• [Assigned task] From the records below, copy out exactly the lines from the one containing "但相应地,蜜都代理们的声音则" to the one containing "aus robustem Sicherheitsglas.", both included. Add nothing else.

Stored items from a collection
*****
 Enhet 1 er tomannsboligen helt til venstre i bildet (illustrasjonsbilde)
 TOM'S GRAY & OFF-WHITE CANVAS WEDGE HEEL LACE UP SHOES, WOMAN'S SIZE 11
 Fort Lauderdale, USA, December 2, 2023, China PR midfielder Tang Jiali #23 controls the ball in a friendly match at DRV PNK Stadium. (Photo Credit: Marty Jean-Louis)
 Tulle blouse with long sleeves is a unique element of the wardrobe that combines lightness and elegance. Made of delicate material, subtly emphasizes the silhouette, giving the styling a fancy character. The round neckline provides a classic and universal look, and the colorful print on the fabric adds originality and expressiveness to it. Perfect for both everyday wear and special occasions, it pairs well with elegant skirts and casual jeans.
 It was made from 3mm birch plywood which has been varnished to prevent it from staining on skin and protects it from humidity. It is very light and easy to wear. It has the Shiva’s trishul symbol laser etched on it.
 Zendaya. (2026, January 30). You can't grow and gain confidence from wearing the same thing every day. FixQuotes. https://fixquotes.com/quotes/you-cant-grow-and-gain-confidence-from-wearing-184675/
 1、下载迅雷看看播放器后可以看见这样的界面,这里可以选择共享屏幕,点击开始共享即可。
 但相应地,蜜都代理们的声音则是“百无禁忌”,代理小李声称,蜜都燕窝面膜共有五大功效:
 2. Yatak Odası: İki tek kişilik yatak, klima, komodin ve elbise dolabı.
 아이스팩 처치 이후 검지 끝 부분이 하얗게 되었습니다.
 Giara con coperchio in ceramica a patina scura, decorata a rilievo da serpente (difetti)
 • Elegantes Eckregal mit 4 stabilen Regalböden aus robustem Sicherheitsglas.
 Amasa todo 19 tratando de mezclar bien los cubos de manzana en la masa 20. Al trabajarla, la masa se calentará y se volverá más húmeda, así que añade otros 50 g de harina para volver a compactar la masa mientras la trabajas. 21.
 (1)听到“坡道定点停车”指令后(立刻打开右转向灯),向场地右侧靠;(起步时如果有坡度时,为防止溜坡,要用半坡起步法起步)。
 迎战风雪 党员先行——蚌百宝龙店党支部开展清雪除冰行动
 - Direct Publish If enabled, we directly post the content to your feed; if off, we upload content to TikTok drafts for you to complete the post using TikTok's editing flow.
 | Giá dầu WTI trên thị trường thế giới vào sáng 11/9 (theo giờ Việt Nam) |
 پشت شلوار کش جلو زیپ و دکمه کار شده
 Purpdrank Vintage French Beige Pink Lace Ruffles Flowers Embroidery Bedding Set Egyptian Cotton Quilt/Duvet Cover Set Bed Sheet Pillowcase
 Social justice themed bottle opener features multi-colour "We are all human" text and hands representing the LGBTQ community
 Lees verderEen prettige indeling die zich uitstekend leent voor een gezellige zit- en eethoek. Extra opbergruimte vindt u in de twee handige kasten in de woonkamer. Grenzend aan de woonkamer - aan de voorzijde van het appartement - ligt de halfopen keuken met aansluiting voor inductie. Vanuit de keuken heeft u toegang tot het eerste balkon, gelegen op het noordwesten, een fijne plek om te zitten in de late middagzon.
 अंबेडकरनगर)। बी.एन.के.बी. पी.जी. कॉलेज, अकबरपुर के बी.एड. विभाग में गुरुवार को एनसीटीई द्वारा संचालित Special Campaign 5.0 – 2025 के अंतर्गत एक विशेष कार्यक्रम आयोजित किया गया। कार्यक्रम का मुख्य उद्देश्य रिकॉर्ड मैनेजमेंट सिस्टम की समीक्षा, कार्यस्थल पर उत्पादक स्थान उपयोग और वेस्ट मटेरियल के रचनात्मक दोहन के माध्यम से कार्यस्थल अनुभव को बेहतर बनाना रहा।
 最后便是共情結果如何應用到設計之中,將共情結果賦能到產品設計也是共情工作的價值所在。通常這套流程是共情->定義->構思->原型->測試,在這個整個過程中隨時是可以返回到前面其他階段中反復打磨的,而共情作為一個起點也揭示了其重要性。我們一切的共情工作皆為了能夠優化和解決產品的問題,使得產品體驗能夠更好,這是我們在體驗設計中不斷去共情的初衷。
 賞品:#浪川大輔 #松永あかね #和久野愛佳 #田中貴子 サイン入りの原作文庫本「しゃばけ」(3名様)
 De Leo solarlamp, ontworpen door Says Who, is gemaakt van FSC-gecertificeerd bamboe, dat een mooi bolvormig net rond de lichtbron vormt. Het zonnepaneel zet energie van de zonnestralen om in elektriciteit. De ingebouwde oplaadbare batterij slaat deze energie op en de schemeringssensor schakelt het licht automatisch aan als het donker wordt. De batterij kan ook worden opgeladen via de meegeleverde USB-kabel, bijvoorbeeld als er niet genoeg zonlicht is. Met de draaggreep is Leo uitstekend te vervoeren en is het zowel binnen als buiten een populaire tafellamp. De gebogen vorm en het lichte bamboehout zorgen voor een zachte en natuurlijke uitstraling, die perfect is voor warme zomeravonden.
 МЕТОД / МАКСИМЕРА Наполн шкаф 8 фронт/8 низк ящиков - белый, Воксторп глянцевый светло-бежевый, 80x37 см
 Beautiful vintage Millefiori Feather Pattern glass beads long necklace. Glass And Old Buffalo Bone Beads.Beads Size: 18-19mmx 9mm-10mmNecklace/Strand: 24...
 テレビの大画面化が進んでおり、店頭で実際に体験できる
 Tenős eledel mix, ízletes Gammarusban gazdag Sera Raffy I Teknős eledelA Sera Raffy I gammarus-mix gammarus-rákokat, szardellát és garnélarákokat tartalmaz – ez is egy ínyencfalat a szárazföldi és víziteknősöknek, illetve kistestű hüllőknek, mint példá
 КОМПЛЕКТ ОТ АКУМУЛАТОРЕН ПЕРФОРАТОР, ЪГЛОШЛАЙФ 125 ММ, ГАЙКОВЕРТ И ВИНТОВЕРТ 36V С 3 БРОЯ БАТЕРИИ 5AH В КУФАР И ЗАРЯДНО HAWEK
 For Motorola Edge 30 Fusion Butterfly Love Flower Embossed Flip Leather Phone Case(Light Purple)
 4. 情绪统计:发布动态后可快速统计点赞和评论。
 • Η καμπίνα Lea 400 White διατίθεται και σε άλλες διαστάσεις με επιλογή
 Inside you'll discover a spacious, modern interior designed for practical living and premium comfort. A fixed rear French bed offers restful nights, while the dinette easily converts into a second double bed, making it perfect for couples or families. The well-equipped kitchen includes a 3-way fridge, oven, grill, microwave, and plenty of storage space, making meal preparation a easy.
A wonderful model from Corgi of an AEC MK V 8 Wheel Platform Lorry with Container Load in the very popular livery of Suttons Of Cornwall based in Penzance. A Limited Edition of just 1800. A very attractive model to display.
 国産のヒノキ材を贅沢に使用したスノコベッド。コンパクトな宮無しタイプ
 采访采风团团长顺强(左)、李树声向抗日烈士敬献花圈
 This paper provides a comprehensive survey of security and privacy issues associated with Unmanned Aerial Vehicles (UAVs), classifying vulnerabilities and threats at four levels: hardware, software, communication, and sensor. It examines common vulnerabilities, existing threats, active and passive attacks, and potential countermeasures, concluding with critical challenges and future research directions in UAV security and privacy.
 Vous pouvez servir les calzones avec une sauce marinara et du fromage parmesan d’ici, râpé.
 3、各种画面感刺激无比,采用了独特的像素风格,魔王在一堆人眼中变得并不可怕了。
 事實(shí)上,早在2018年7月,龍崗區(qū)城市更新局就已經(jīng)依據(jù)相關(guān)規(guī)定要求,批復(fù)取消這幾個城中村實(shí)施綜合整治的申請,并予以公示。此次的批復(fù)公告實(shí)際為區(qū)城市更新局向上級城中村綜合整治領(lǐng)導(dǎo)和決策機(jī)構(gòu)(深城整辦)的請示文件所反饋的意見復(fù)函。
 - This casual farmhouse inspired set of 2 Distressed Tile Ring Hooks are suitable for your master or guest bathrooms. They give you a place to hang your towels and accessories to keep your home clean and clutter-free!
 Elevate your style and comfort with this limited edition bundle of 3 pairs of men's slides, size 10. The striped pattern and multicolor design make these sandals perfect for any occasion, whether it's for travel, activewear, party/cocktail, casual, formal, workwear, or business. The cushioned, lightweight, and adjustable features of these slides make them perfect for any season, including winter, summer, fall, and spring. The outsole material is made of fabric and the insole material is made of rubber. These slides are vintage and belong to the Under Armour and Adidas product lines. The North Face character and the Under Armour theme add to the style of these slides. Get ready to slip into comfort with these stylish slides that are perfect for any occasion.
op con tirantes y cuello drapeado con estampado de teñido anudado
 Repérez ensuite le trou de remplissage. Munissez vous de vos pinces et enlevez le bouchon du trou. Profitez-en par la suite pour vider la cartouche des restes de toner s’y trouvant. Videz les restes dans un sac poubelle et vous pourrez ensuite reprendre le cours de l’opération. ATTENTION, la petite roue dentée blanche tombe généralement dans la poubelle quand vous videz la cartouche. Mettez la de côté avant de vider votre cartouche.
*****
• [Solution to the problem]
 但相应地,蜜都代理们的声音则是“百无禁忌”,代理小李声称,蜜都燕窝面膜共有五大功效:
 2. Yatak Odası: İki tek kişilik yatak, klima, komodin ve elbise dolabı.
 아이스팩 처치 이후 검지 끝 부분이 하얗게 되었습니다.
 Giara con coperchio in ceramica a patina scura, decorata a rilievo da serpente (difetti)
 • Elegantes Eckregal mit 4 stabilen Regalböden aus robustem Sicherheitsglas.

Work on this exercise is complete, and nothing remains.